Firm seeks to patent liquid-free fracking technology
Washington (Platts)--27Aug2012/103 pm EDT/1703 GMT
Oil and natural gas companies that operate in US shale plays use
enormous amounts of water, sometimes requiring upwards of 5 million
gallons to frack a single well. And there are significant costs and
operational requirements that come with using so much water, such as
trucking it to remote job sites, mixing it with various chemicals, and
later removing those chemicals from the oil and gas that fracked wells
produce.
But a New York-based energy-technology company called Expansion Energy
says it has invented a type of fracking that will allow oil and gas
firms to avoid all of those water-related costs and operational hassles.
David Vandor and Jeremy Dockter, Expansion's co-founders, say their
process will allow shale drillers to frack oil and gas wells without
using a single drop of water.
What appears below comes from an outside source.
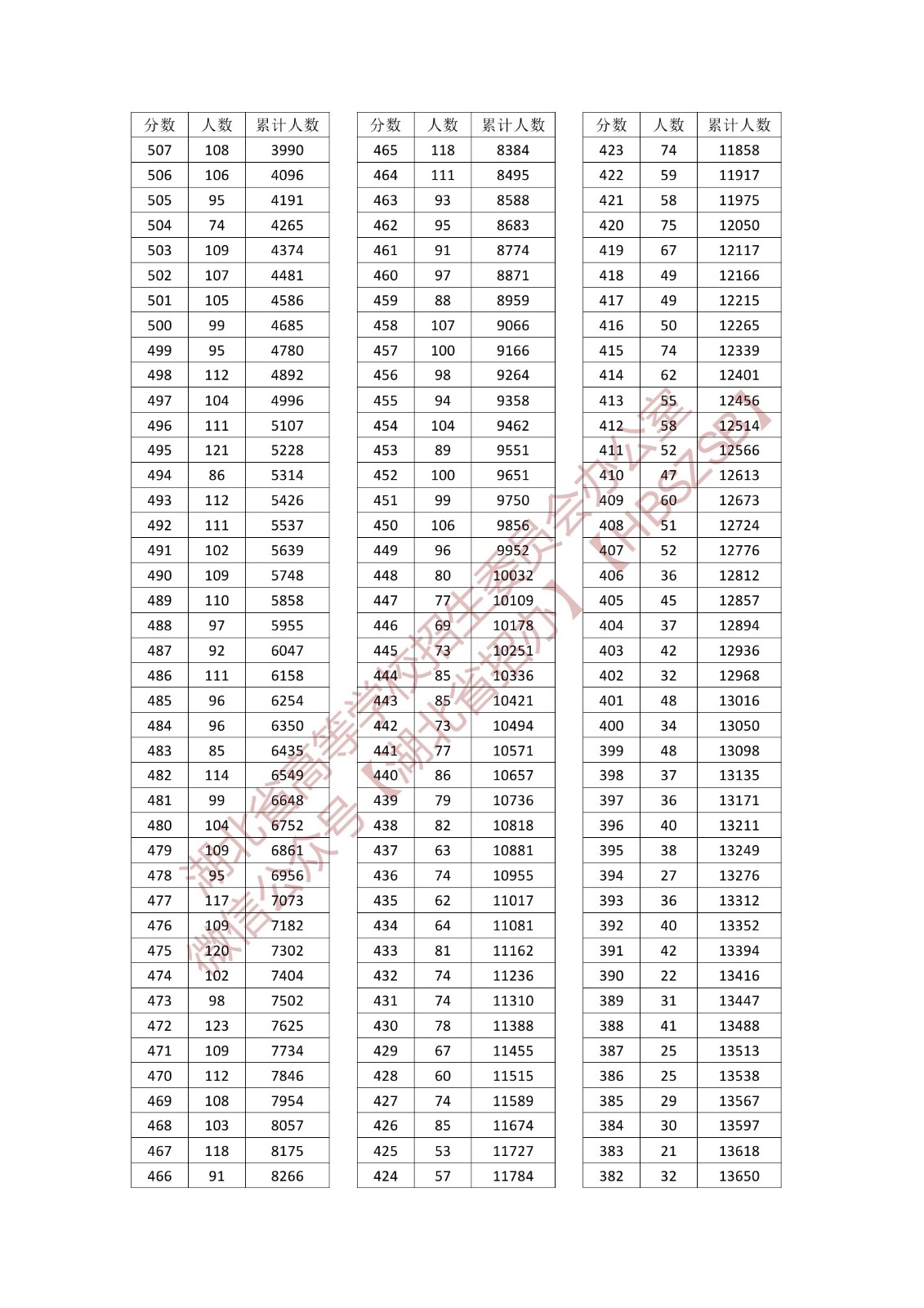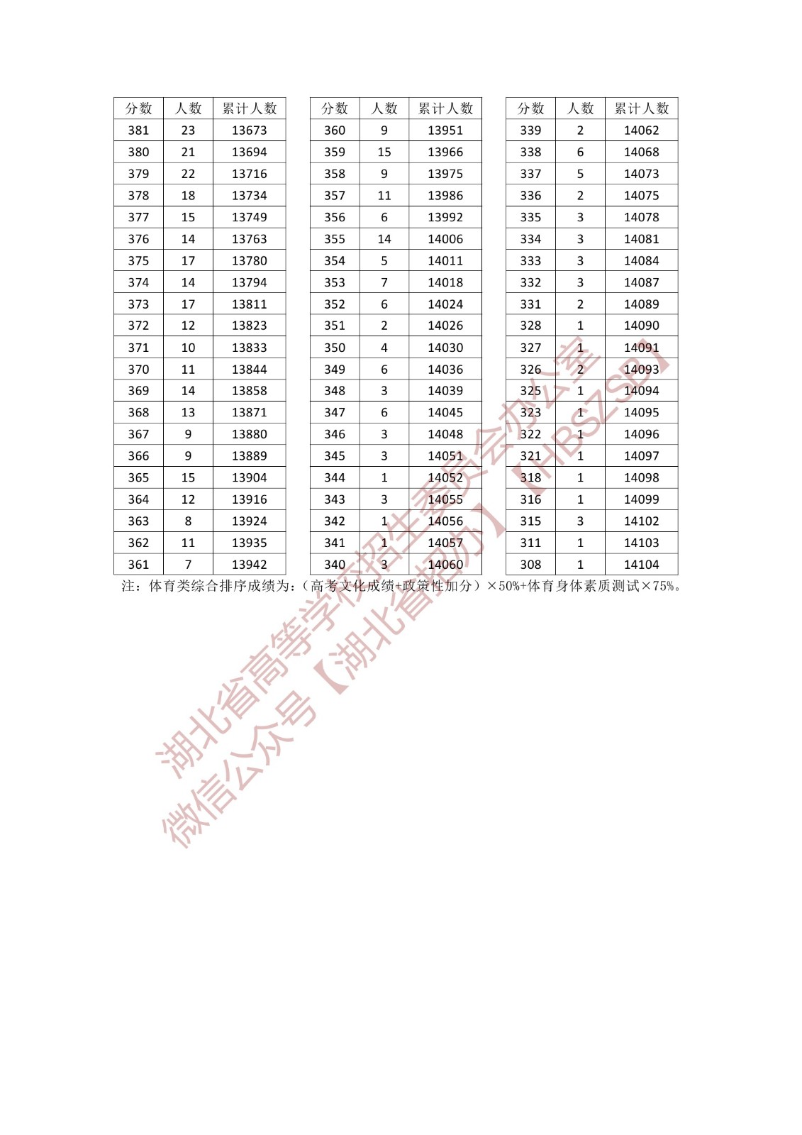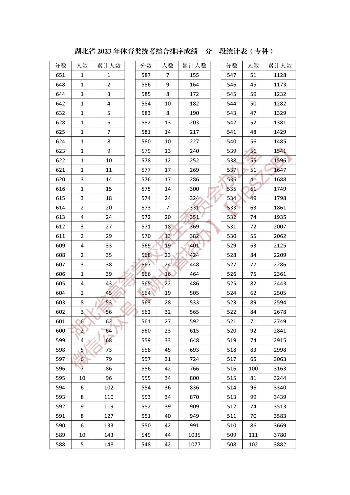 湖北省2023年體育類(lèi)統(tǒng)考綜合排序成績(jī)一分一段統(tǒng)計(jì)表(專(zhuān)科)
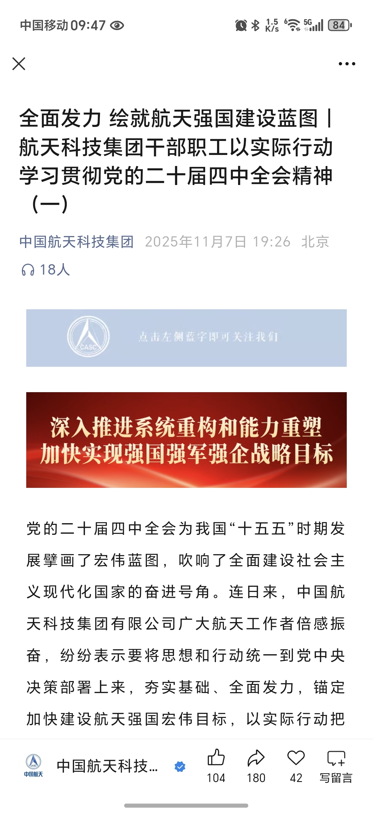 航天科技集团微信公众号最新发布的内容提到火箭和卫星在内的重大改革重组,而且官文在

Moreover, the process does not require
drillers to use other types of fracking liquids that are sometimes used
instead of water, such as liquid propane or liquid nitrogen, Vandor and
Dockter say.
"We think we have a better mousetrap," said Vandor, who is seeking to
patent the liquids-free fracking technology under a fast-track patenting
program that the Obama administration launched in 2010 for
environmentally friendly energy technologies.
The process, called Vandor's Refrigerated Gas Extraction, or VRGE, uses
ordinary gas to fracture shale formations and to deliver sand or other
so-called proppants to hold open the fissures in the rock. The gas comes
from the targeted hydrocarbon formation itself, following an initial
"charge" of gas or liquefied natural gas delivered to the well site to
begin the process.
Using cryogenic technology, the gas is then processed into something
that Expansion calls "cold compressed natural gas," or CCNG. Vandor says
CCNG is similar to LNG in that it can be pumped to very high pressures.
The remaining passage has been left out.